## WHAT THE TASK ASKS
An exact copy, beginning at the line containing "La Véritable Choucroute" and ending at the final line of the records that follow, is the answer; it has no pictures and no other text.

··· RECORDED INFORMATION ···

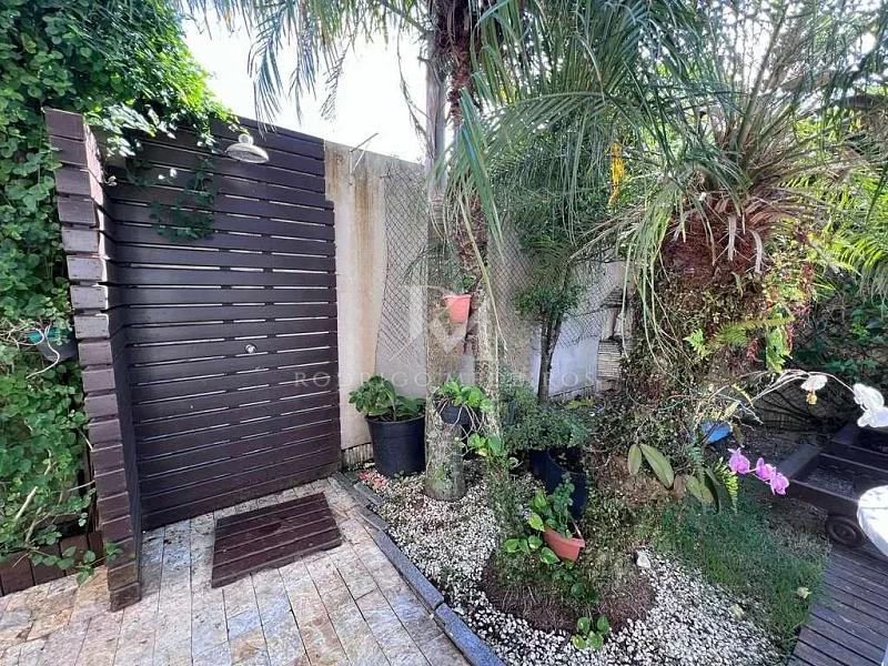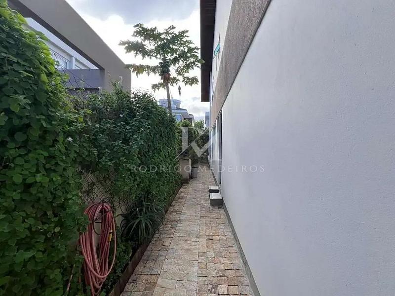 O espaço externo é um dos grandes destaques da casa, com área gourmet com churrasqueira, piscina com deck e jardim paisagístico com plantas ornamentais, garantindo um ambiente agradável e privativo.
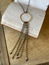 This is a hammered gold vermeil ring with an oxidized Pewter chain tassel & oxidized Sterling Silver drops on Gunmetal chain. The necklace is approximately 29 inches long and the ring & tassel add another 10 inches.
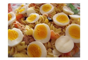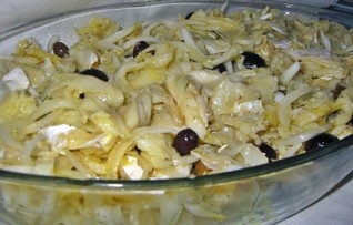 Bata as claras em castelo e depois envolva-lhes a restante maionese e a salsa seca. Coloque o preparado anterior numa travessa, previamente untada com manteiga e polvilhada com pão ralado, espalhe as rodelas de azeitona, previamente passadas por água e escorridas, por cima, cubra com as claras e polvilhe com um pouco de pão ralado. Leve ao forno, pré-aquecido a 180ºc, durante 20 minutos. Sirva quente, com decoração a gosto.~
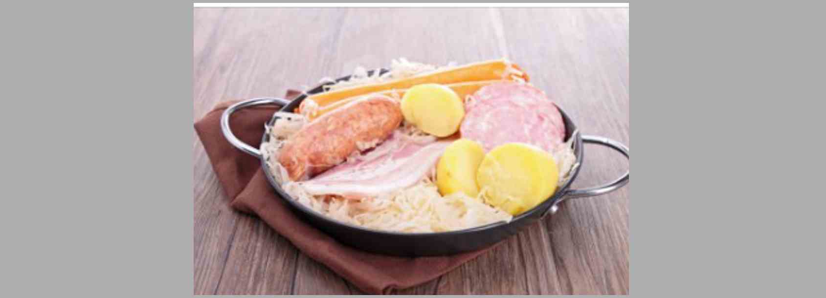 La Véritable Choucroute Alsacienne close - 1,5 kg de chou à choucroute crue environ (250 g par personne environ, on peut aller jusqu'à 300 g) - 1 oignon - 10/15 grains de genièvre - 1 tablette de bouillon Viandes : - 500 g de rôti de porc fumé (filet de Kassler) ou de palette fumée environ - 300 g de lard fumé environ - 2 saucisses de Montbéliard (fumées) que l'on peut couper en deux A cuire en dernier : - 1 saucisse de Strasbourg par personne - (1 cervelas) - 1 bouteille de Riesling - 500 g de pommes de terre à chair ferme Ne pas saler
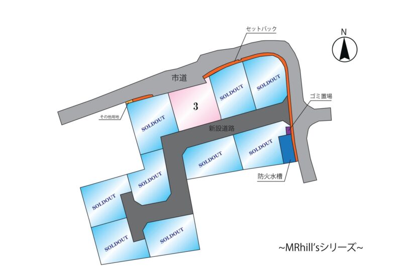 - 東側市道 幅員 約5m 分譲地内道路 幅員 6m

···

## RESPONSE
 La Véritable Choucroute Alsacienne close - 1,5 kg de chou à choucroute crue environ (250 g par personne environ, on peut aller jusqu'à 300 g) - 1 oignon - 10/15 grains de genièvre - 1 tablette de bouillon Viandes : - 500 g de rôti de porc fumé (filet de Kassler) ou de palette fumée environ - 300 g de lard fumé environ - 2 saucisses de Montbéliard (fumées) que l'on peut couper en deux A cuire en dernier : - 1 saucisse de Strasbourg par personne - (1 cervelas) - 1 bouteille de Riesling - 500 g de pommes de terre à chair ferme Ne pas saler
 - 東側市道 幅員 約5m 分譲地内道路 幅員 6m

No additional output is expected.